Tuesday, May 21, 2013

Yttrium (39)

Yttrium (IT-REE-UM) has a silvery-metallic luster. Yttrium turnings ignite in air. Yttrium is found in most rare-earth minerals. Moon rocks contain yttrium and yttrium is used as a "phosphor" to produce the red color in television screens.

•Name: Yttrium
•Symbol: Y
•Atomic number: 39
•Atomic weight: ...88.90585
•Standard state: solid at 298 K
•CAS Registry ID: 7440-65-5
•Group in periodic table: 3
•Period in periodic table: 5
•Block in periodic table: d-block
•Color: silvery white
•Classification: Metallic

Historical information

Yttrium was discovered by Johann Gadolin at 1794 in Finland. Origin of name is the village of "Ytterby" near Vaxholm in Sweden. Yttria (yttrium oxide, Y2O3), was discovered by Johann Gadolin in 1794 in a mineral called gadolinite from Ytterby. Ytterby is the site of a quarry in Sweden which contains many unusual minerals containing erbium, terbium, and ytterbium as well as yttrium. Friedrich Wohler obtained the impure element in 1828 by reduction of the anhydrous chloride (YCl3) with potassium.

Physical properties

•Melting point: 1799 [or 1526 °C (2779 °F)] K
•Boiling point: 3609 [or 3336 °C (6037 °F)] K
•Density of solid: 4472 kg m-3

Orbital properties

•Ground state electron configuration: [Kr].4d1.5s2
•Shell structure: 2.8.18.9.2
•Term symbol: 2D3/2

Isolation

Yttrium metal is available commercially so it is not normally necessary to make it in the laboratory. Yttrium is found in lathanoid minerals and the extraction of the yttrium and the lanthanoid metals from the ores is highly complex. Initially, the metals are extracted as salts from the ores by extraction with sulphuric acid (H2SO4), hydrochloric acid (HCl), and sodium hydroxide (NaOH). Modern purification techniques for these lanthanoid salt mixtures involve selective complexation techniques, solvent extractions, and ion exchange chromatography.

Pure yttrium is available through the reduction of YF3 with calcium metal.

2YF3 + 3Ca → 2Y + 3CaF2

Interesting Facts...

Yttrium (English/French/German/Swedish) Ittrio (Italian) Ytrio (Spanish)

Yttrium is often used to make alloys with other metals. An alloy is made by melting and mixing two or more metals. The mixture has properties different from those of the individual metals. Two of yttrium's most interesting applications are in lasers and superconducting materials.

A laser is a device for producing very bright light of a single color. One of the most popular lasers is made of yttrium, aluminum, and garnet. One of the most widely used lasers today is the yttrium-aluminum-garnet (YAG) Laser. YAG Lasers often contain other elements. These elements change the kind of light produced by the laser in one way or another. The Laser is said to be doped with another element if it contains a small amount of that element. An example of this kind of laser is one doped with neodymium. The neodymium-doped YAG (Nd:YAG) laser has been used to make Long distance measurements (for my 2171 friends - think of the MULE and the range finders).

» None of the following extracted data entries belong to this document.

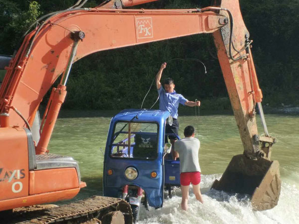 危急!男子騎車強行過河 漲水被困嚇傻
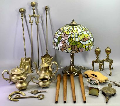 TABLE LAMP WITH TIFFANY STYLE SHADE, 38cms diameter, a Betacom Betacar novelty telephone, brass companion set, ETC
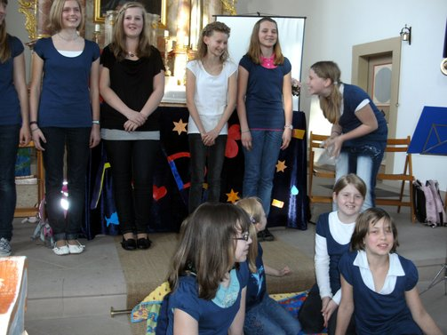 Als Sprecher der musikalischen Erzählung fungierte Marcel Schäfer. Die Kinder klagten im Chor: Alles verloren unsre Hoffnung ist zerplatzt. Dann setzt die zentrale Begebenheit ein: Die Sängerinnen, Catharina Beck und Annalena Bösel verkörpern nun die beiden Emmaus-Jünger, „Kleophas und seinen Freund“, denen auf dem Weg von Jerusalem nach Emmaus „ein Mann“ begegnet. Es dauert eine Weile, bis sie den Mann beim Brechen des Abendmahl-Brotes als „Jesus den Auferstandenen“ erkennen. Und dies wird nun ganz laut in die Kirche hinein gesungen und mit frenetischem Klatschen unterstützt besungen: „Er lebt! Er lebt“. Bei letzterem überaus flott gesungenen Lied springt der berühmte Funke in den Kirchensaal – und alles macht mit. Kirchenvorstand Fritz Stock: Die Kinder haben sie verstanden, diese Emmaus-Geschichte transparent zu machen. Susanne Kraft: Die Kinder waren in den vielen Proben. Der Chor „Pusteblume“, 1999 entstanden, führte das Musical bereits beim Reformationsfest 2008 auf. Mittlerweile laufen die Vorbereitungen für ein neues Musikprojekt.

Garnet is a gem-like material with a sand-like composition. Superconducting materials are substances with no resistance to the flow of an electric current. An electric current that begins to flow through them never stops. Superconducting materials may have many very important applications in the future.

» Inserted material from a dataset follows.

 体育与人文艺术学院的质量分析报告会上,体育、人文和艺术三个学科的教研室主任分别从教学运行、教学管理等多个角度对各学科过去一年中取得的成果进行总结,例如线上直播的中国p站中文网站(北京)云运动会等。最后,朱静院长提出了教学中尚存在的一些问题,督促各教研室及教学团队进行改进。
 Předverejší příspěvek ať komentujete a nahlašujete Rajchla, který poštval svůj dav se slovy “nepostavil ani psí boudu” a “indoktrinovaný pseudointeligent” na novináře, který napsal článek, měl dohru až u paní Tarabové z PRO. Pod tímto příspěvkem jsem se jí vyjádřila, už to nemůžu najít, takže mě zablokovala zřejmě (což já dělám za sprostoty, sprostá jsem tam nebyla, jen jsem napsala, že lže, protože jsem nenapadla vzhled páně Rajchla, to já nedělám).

Yttrium phosphors have long been used in color television sets and in computer monitors.
None of the radioactive isotopes of yttrium has any important commercial use. However, yttrium-90 is now being tested as a treatment for cancer. Radiation given off by the isotope kills cancer cells. Researchers believe that yttrium-90 may find wider use in the future for treating cancer. One advantage of using this isotope is that is easy to obtain. It is produced when another radioactive isotope (strontium-90) breaks down. Strontium-90 is a by-product formed in nuclear power plants.